# Looking for RP partners



## juiceboxbunny (Feb 21, 2017)

No longer looking


----------



## Jin-Lust-4-Sin (Feb 21, 2017)

Real-life setting about friendship sounds nice to me  if ya wanna get to know your partners, I recommend starting simple and easy with casual topics like those 
A shameless dropout that works part-time as a tourist-guide, waiter and video-game planner, at your service ! XD


----------



## juiceboxbunny (Feb 21, 2017)

Jin-Lust-4-Sin said:


> Real-life setting about friendship sounds nice to me  if ya wanna get to know your partners, I recommend starting simple and easy with casual topics like those
> A shameless dropout that works part-time as a tourist-guide, waiter and video-game planner, at your service ! XD



Sounds fun to me!
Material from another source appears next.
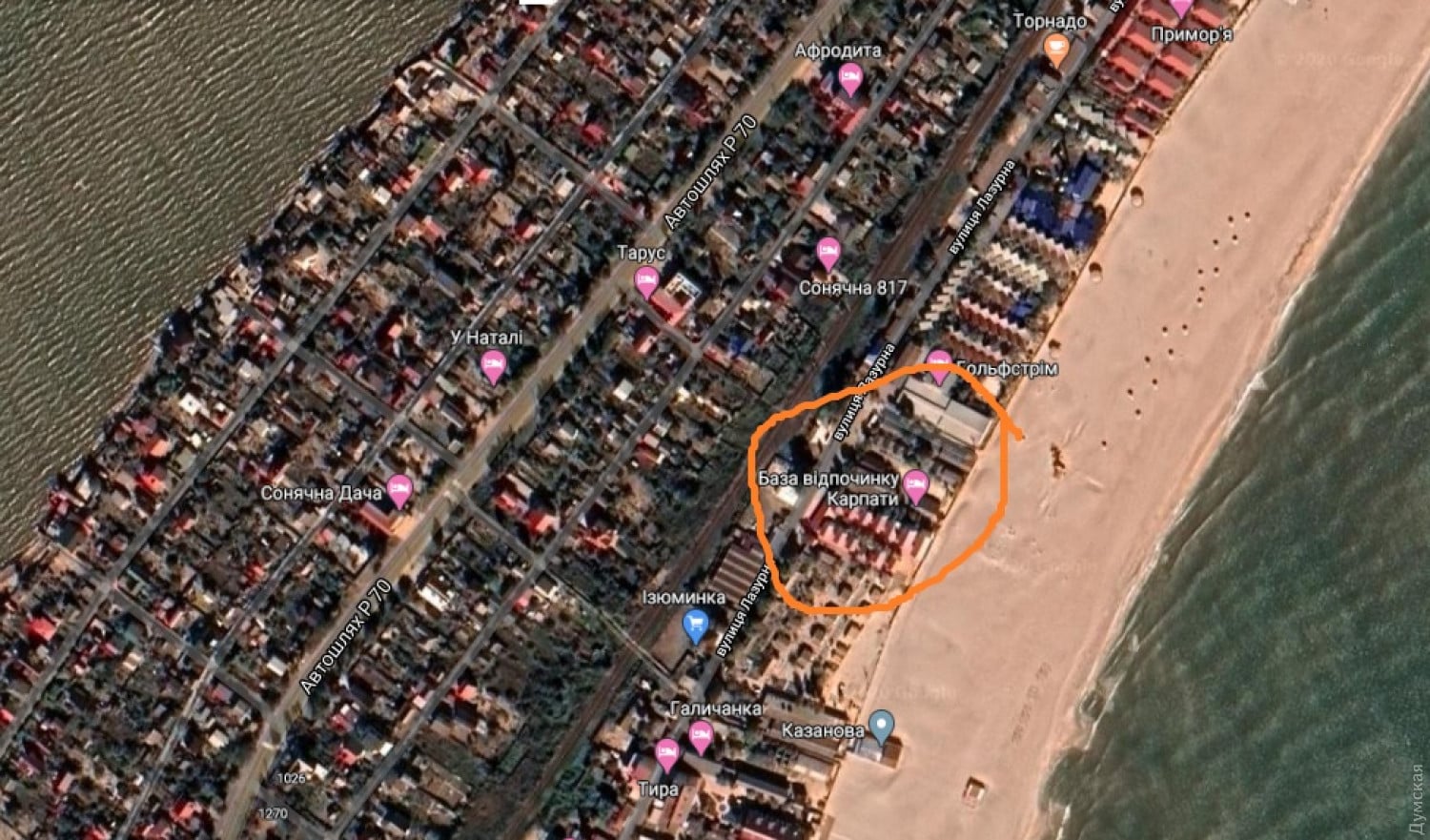 "На Сонячному районі в Затоці бомблять магазин бази відпочинку "Карпати", наїхало повно тітушек, КамАЗ прорвався на територію бази, бомблять і вантажать на вантажівку, нічого не бояться, їм все по барабану. Поліція не реагує", - розповів очевидець подій.

Haha i haven't rped in a very long time so im looking to start back up. ;3


----------



## Jin-Lust-4-Sin (Feb 21, 2017)

juiceboxbunny said:


> Sounds fun to me! Haha i haven't rped in a very long time so im looking to start back up. ;3


Hehe, feel free to start any time, buddy~


----------



## Vorelover467 (Feb 22, 2017)

What about vore?


----------



## juiceboxbunny (Feb 24, 2017)

Vorelover467 said:


> What about vore?


I had to Google vore. n.n;; and unfortunately not my cup of tea. Sorry


----------



## Frostbyte The Shark (Feb 26, 2017)

If you are still up for something, I am up for whatever. I haven't done a fantasy one before, if you want to try that.
Let me know and I can send you a PM. (That is, if you want to do it that way.)


----------



## Square-Wave_Kittycat (Mar 6, 2017)

I'd like to rp with you. I have quite a lot of experience with roleplay, but I've never done any furry roleplaying before.


----------